Hits Radio
- London (headquarters) Manchester Newcastle; United Kingdom;
- Broadcast area: United Kingdom (digital)
- Frequencies: FM: 96.4 MHz – 107.9 MHz DAB: 7D – 12D
- Branding: TSA's Hits Radio The Biggest Hits, The Biggest Throwbacks

Programming
- Language: English
- Format: CHR/pop

Ownership
- Owner: Bauer Media Audio UK
- Sister stations: Hits Radio Pride Hits Radio 90s Hits Radio 00s

History
- First air date: 31 December 1973 (local stations) December 1999 (as Big City Network) April 2011 (as Bauer Place) January 2015 (as Bauer City 1) 4 June 2018 (as Hits Radio Network)
- Former names: Big City Network (2000–2011) Bauer Place (2011–2015) Bauer City 1 (2015–2018)

Links
- Webcast: Rayo
- Website: Hits Radio

= Hits Radio =

UK contemporary radio network

Hits Radio is a network of 26 contemporary hit radio stations in the United Kingdom, owned and operated by Bauer Media Audio UK. The network launched in 2018 with the rebranding of Bauer's Manchester station Key 103 and its merger with The Hits, and since then various other local stations have been rebranded under the Hits Radio banner.

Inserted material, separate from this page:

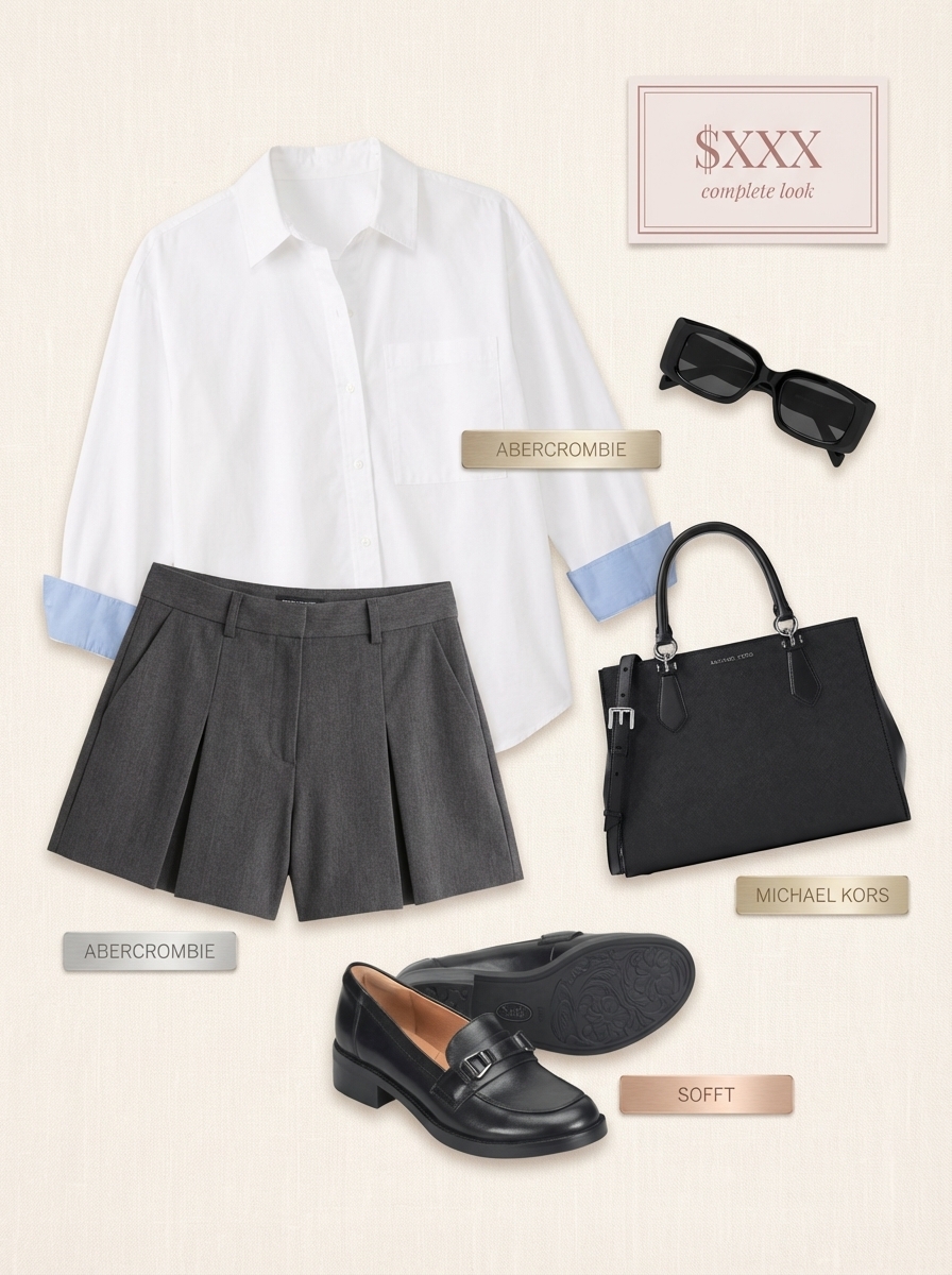My honest take? These shorts are definitely tailored, so if you prefer a looser fit, you should skip this particular ensemble. The entire outfit, including the $144.95 black leather loafers, comes to a total of $385.15, which feels like a mid-range investment for pieces that can be worn separately too. I wore these for 6 hours of city walking and a casual lunch, and the tailored shorts actually remained comfortable and chic. Who knew?

As of February 2025, the network has a combined reach of 6.77 million weekly listeners according to RAJAR.

The Hits Radio commercial portfolio, including stations such as Cool FM, has a combined reach of 12.4 million listeners.
==Overview==
Hits Radio UK broadcasts on DAB in many parts of the UK and online. 25 localised variants air on FM and DAB across England and Wales.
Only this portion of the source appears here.